Jain and Brahman Sanskrit intellectuals visited the courts of Akbar, Jahangir, and Shah Jahan in considerable numbers.
A select few entered the royal court at the direct invitation of the crown, whereas others gained entrée through regional or subimperial patrons. Many championed political causes on behalf of their religious communities or local rulers. Above all, Sanskrit literati sought access to famed Mughal patronage, which drew individuals working in various languages from across much of Asia. Sanskrit authors crafted many works under imperial sponsorship and participated in numerous aspects of court life. They acted as intellectual informants, astrologers, religious guides, translators, and political negotiators for the Mughals…
The Mughals also turned to Sanskrit intellectuals for information concerning other Indian practices and ideas that could inform an imperial agenda, including the notion that Akbar was an incarnation of the Hindu god Vishnu. Bada’uni unhappily attests that Brahmans introduced Sanskrit works that predicted Akbar’s rise to power as Vishnu’s avatar:
[Cheating imposter Brahmans] told [the king] repeatedly that he had descended to earth, like Ram, Krishan, and other infidel rulers, who, although lords of the world, had taken on human form to act on earth. For the sake of flattery, they presented Sanskrit poetry [shi‘r-ha-yi hindi] allegedly uttered by tongues of sages that predicted a world-conquering padshah would arise in India. He would honor Brahmans, protect cows, and justly rule the earth. They wrote such nonsense on old papers and presented it to [the emperor]. He believed every word.
Some Sanskrit works written under Akbar’s support mirror these claims rather precisely. For example, in his bilingual grammar from the late sixteenth century, Krishnadasa praises Akbar as Vishnu embodied:
Since Brahma was described by the Veda
as changeless and beyond this world,
therefore Akbar, great ruler of the earth, was born
in order to protect cows and Brahmans.
His virtuous name is celebrated throughout the ocean of shastras
and among scriptures [smriti], histories [itihasa], and the like.
It is established forever in the three worlds, and
therefore with his name this work is composed.
It is no surprise that cows were protected by Lord Krishna, son of Gopala,
and the best of the twice born guarded
by the Ramas, gods of the Brahmans.
But it is truly amazing that the lord Vishnu
descended [avatirna] in a family of
foreigners that loves to harm cows and Brahmans.
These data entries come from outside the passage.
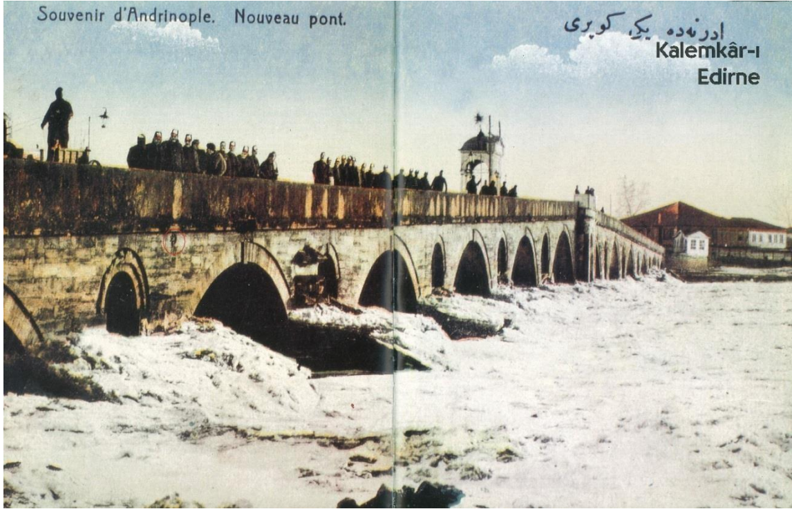
G.6-20. yy başı Edirne Kartpostalında Edirne Meriç/Mecidiye köprüsü ve birinci boşaltma gözünün solunda görülen ay-yıldız ( E.N.İşli-M.S.Koz, s.542-543)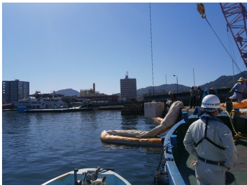
14:00 アンカーブロック設置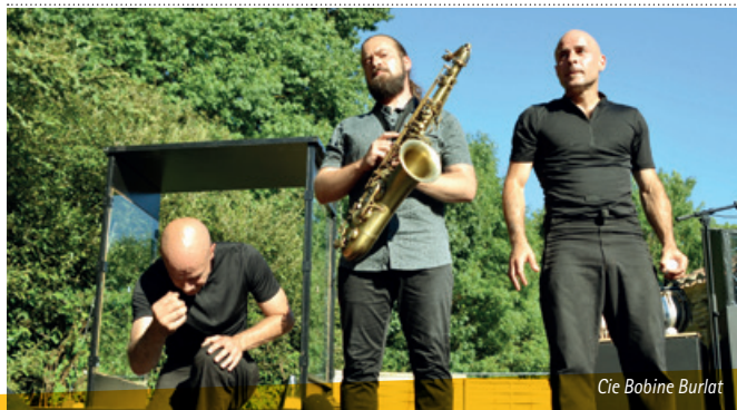
Cie Bobine Burlat

Concoctée avec une grande gourmandise de mots et d'images, Au Fil des Cailloux est une soupe d'histoire "aux p'tits oignons" pour des êtres humains en pleine croissance. Une comédienne riche en vitamines vous embarque pour une balade l'air de rien au fil de l'imaginaire.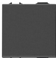
09008.2.CM - 1P NO 10A 2M push button carbon matt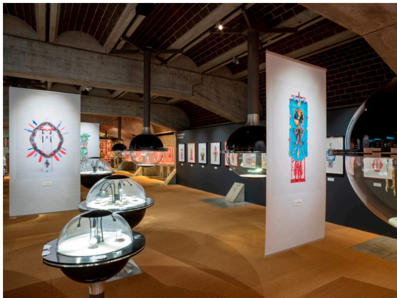
Фото с выставки в Международном музее часового искусства

Добавим, что в Международном музее часового искусства (МИИ) в Ла Шо-де-Фоне проходит временная выставка «Передача. Фотографии нематериальных ценностей» по случаю внесения часового искусства в список культурного наследия человечества. Экспозиция подготовлена совместно с Музеем времени Безансона (Франция), двери которого, к сожалению, пока закрыты в связи с ухудшением эпидемиологической обстановки.

Akbar protects cows and Brahmans!
Jains also provided Akbar access to certain Sanskrit-based practices that would prove politically potent, such as sun veneration. Bhanucandra, a Tapa Gaccha ascetic whom Hiravijaya sent to the Mughal court in Lahore in 1587, taught Akbar how to recite a Sanskrit text titled Suryasahasranama (Thousand Names of the Sun). Siddhicandra, Bhanucandra’s Sanskrit biographer, tells the tale thus:
One time, the ruler of the earth repeatedly asked the Brahmans for the Thousand Names of the Sun, but they could not find it anywhere. By a stroke of luck they located some wise man. He gave [the text] to them, and they presented it to the glorious shah [shrisaha]. Having seen it, the glorious shah said to them excitedly, “Tell me who among good people can teach me this?” They replied, “Only one who has subdued all the senses, sleeps on the ground, and possesses sacred knowledge is qualified in this matter.” When he heard this, the shah said, “Only you [Bhanucandra] possess such qualities here. You alone, venerable one, will teach me this every morning.”
Later in his work, Siddhicandra portrays Akbar as devoted to honouring the sun to the exclusion of other religious activities:
The glorious shah diligently learned the Thousand Names of the Sun.
He forgot any other taste and recited the names there. He devoted his
mind, stood in the correct direction facing the sun, and learned from
Bhanucandra with his folded hands pressed against his forehead.
Siddhicandra does not explain further this “other taste” (anyarasa) for which sun veneration eliminated any need on the part of the Mughal emperor. But it is likely a covert reference to Islam, especially given that Siddhicandra carefully mentions that Akbar faced the correct direction in venerating the sun and used his head and hands properly, which are both important concerns in Islamic prayer as well. Furthermore, Bada’uni, a notorious critic of Akbar in his unofficial history of the era, testifies that this ritual occurred up to four times daily, including at times for Islamic prayers such as sunrise. Jerome Xavier, a European traveler, even noted Akbar’s predilection for sun worship as one reason why he was best not considered a Muslim. Most likely, rather than indicating his personal religious inclinations, Akbar designed this royal custom to promote his absolute sovereignty.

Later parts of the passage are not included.